» Task brief
Working from the data below, write out exactly the lines from its first through the line that contains "Zum Verkauf stehen", both ends included and pictures omitted.

» Provided data
════════════════════

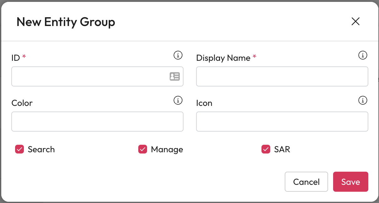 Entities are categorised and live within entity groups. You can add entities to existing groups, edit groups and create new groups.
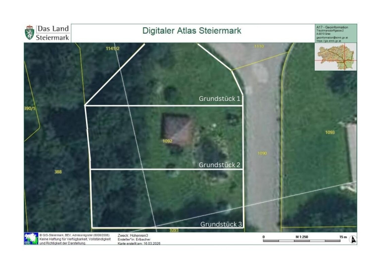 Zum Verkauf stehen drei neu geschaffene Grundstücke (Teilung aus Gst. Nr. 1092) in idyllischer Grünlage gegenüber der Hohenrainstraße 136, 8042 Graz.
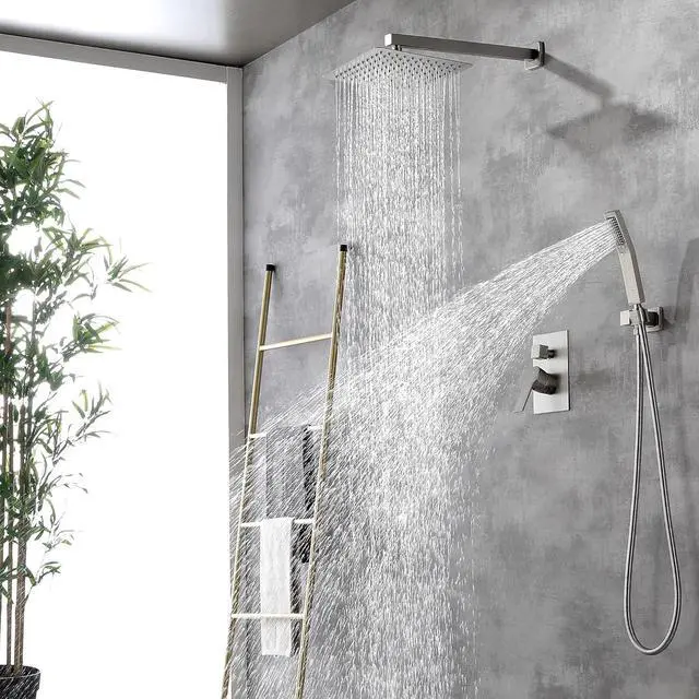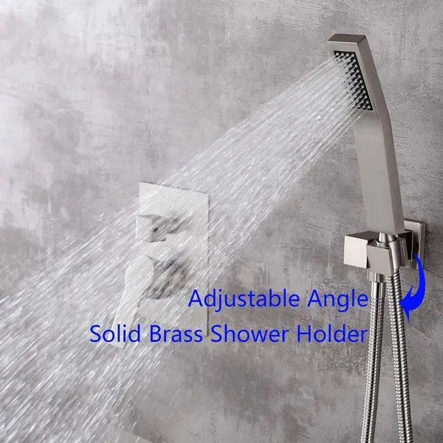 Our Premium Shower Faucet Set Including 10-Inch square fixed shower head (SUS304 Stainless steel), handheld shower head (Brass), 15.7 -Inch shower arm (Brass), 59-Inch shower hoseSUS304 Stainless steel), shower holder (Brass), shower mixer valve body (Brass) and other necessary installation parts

════════════════════

» Answer to the problem
 Entities are categorised and live within entity groups. You can add entities to existing groups, edit groups and create new groups.
 Zum Verkauf stehen drei neu geschaffene Grundstücke (Teilung aus Gst. Nr. 1092) in idyllischer Grünlage gegenüber der Hohenrainstraße 136, 8042 Graz.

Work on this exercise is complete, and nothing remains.